= Sophie Merry =

Sophie Merry is a Dublin-based Irish YouTuber, filmmaker, dancer and part-time model. She is known for her "Groovy Dancing Girl" videos on her YouTube channel BandyToaster, has appeared in music videos, and has made short films.

==Videos==

My friends call me the Irish Crazy Frog. I get the odd marriage proposal from 40-year-old American men. Online is a funny old place.
— —Sophie Merry, August 2010

Sophie first came to attention on her YouTube channel, BandyToaster ("two random words stuck together"), with a video titled "Groovy Dancing Girl," featuring Merry dancing to "Harder, Better, Faster, Stronger" by Daft Punk. She danced to a slowed-down version of the song, then increased the speed of the footage to match the song played at normal speed (called undercranking). The video was shot in her friend's garden and posted in February 2007. She has since shot three more Groovy Dancing Girl videos. Her videos have received more than nine million hits. Her short film "Solo Duet" was funded by the Irish Film Board and was shown in October 2009 at the Darklight Film Festival, a digital film festival. In 2008 she appeared in a music video for Autoban's single "Sirens," and in 2009, she appeared in The Riptide Movement's video for their single "Cry Cry Baby." In October 2011, a live-action short subject which Merry made with Sigmedia and shot in stereoscopic 3D, titled Clockhead, premiered at Darklight. In 2015, she appeared as "the cloaked woman" in the titles sequence, and the pledge-break framing sequences, of PBS's transmission of the video presentation of the tie-in concert to Celtic Woman's album Destiny.

==Education and work==
Merry received a BA hons. in Spanish and Sociology from University College Dublin in 2004 and a higher national diploma in computer and classical animation from Ballyfermot College of Further Education in 2007. Aged 16, Merry appeared on the cover of U Magazine after winning a competition. She is a life model, and did a photo shoot and viral video for the French company Etam in a jeans campaign launched in April 2008 that ran in 51 countries. She previously worked for Jam Media, and she has worked as a director for Jumper Productions in Dublin since the company launched in early 2010. She worked on a viral video campaign for the social networking site Whispurr in 2010, and produced an interactive installation for the Biorhythm exhibition at Trinity College Dublin's Science Gallery. In 2011, as mentioned above, Merry joined with Sigmedia to create Ireland's first short subject to be shot using a stereoscopic camera rig, Clockhead. It premiered at Darklight Film Festival and the Chicago Irish Film Festival.

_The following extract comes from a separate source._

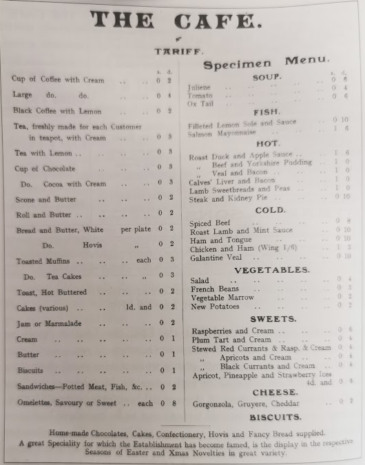The Great North Magazine described the cafe in 1913 as: The finest by far in the eastern Counties, with all its various apartments, all beautifully furnished, the snow-white table linen, the spruce waiting maids.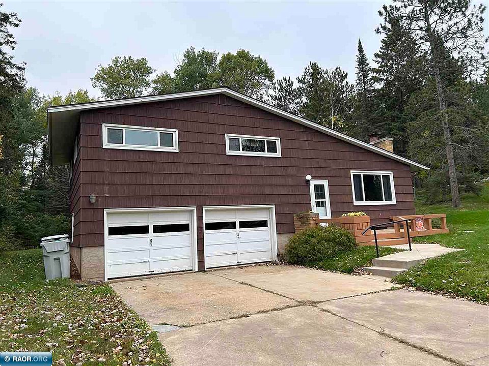 Beautiful architecturally unique home with spacious, open interior. Three bedrooms and bath on upper level above tuck under 2 stall garage. Large 1 acre+ wooded lot on a very desirable area of town. Public property behind this lot with lots of hardwood forest to explore. Landscaped yard with deck and patio. This home has been owned by current owners for many years and has been loved and cared for. Very large, ready to be finished off lower basement area. This home is move in ready and perfect for YOU!

Merry is fully trained in the Meisner Acting Technique and has also studied at the Gaiety School of Acting, The Abbey School and Bow Street Academy. More recently she was awarded Best Actor at the Limerick Film Festival 2016 and was part of Jasons Byrnes 'Inlands' show as part of Dublin Theatre Festival 2016.

==Personal life==
Merry is from Shankill, Co. Dublin. She studied ballet and modern dance as a child. Her mother and father, Mary Reynolds and Brian Merry, are artists, and she has a brother and three sisters.